## GIVEN DATA:
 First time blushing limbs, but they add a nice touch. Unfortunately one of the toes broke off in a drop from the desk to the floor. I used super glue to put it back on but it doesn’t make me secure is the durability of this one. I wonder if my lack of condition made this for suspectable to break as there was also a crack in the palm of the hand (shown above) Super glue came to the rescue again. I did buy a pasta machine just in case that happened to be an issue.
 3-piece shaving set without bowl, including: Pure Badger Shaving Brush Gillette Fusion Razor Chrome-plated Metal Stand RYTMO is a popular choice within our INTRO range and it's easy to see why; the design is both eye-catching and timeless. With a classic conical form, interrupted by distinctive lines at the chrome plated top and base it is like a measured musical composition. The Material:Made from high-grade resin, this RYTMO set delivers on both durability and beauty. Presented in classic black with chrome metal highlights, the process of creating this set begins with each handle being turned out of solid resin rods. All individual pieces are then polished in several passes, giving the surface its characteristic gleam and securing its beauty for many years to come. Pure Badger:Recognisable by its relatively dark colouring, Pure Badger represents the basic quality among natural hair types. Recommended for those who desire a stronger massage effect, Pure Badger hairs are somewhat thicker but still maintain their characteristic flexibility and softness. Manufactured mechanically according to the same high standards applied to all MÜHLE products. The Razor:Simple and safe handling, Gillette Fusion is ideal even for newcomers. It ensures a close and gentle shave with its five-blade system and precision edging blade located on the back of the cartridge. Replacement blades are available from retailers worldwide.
==
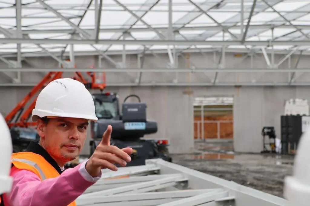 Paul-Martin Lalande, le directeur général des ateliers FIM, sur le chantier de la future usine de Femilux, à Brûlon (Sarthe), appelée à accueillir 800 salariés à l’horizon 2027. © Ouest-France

## ACTIVITY:
Within the listing above, locate the line containing "First time blushing" and the line containing "3-piece shaving set". Reproduce those two lines and all lines between them exactly, with nothing added.

## YOUR SOLUTION:
 First time blushing limbs, but they add a nice touch. Unfortunately one of the toes broke off in a drop from the desk to the floor. I used super glue to put it back on but it doesn’t make me secure is the durability of this one. I wonder if my lack of condition made this for suspectable to break as there was also a crack in the palm of the hand (shown above) Super glue came to the rescue again. I did buy a pasta machine just in case that happened to be an issue.
 3-piece shaving set without bowl, including: Pure Badger Shaving Brush Gillette Fusion Razor Chrome-plated Metal Stand RYTMO is a popular choice within our INTRO range and it's easy to see why; the design is both eye-catching and timeless. With a classic conical form, interrupted by distinctive lines at the chrome plated top and base it is like a measured musical composition. The Material:Made from high-grade resin, this RYTMO set delivers on both durability and beauty. Presented in classic black with chrome metal highlights, the process of creating this set begins with each handle being turned out of solid resin rods. All individual pieces are then polished in several passes, giving the surface its characteristic gleam and securing its beauty for many years to come. Pure Badger:Recognisable by its relatively dark colouring, Pure Badger represents the basic quality among natural hair types. Recommended for those who desire a stronger massage effect, Pure Badger hairs are somewhat thicker but still maintain their characteristic flexibility and softness. Manufactured mechanically according to the same high standards applied to all MÜHLE products. The Razor:Simple and safe handling, Gillette Fusion is ideal even for newcomers. It ensures a close and gentle shave with its five-blade system and precision edging blade located on the back of the cartridge. Replacement blades are available from retailers worldwide.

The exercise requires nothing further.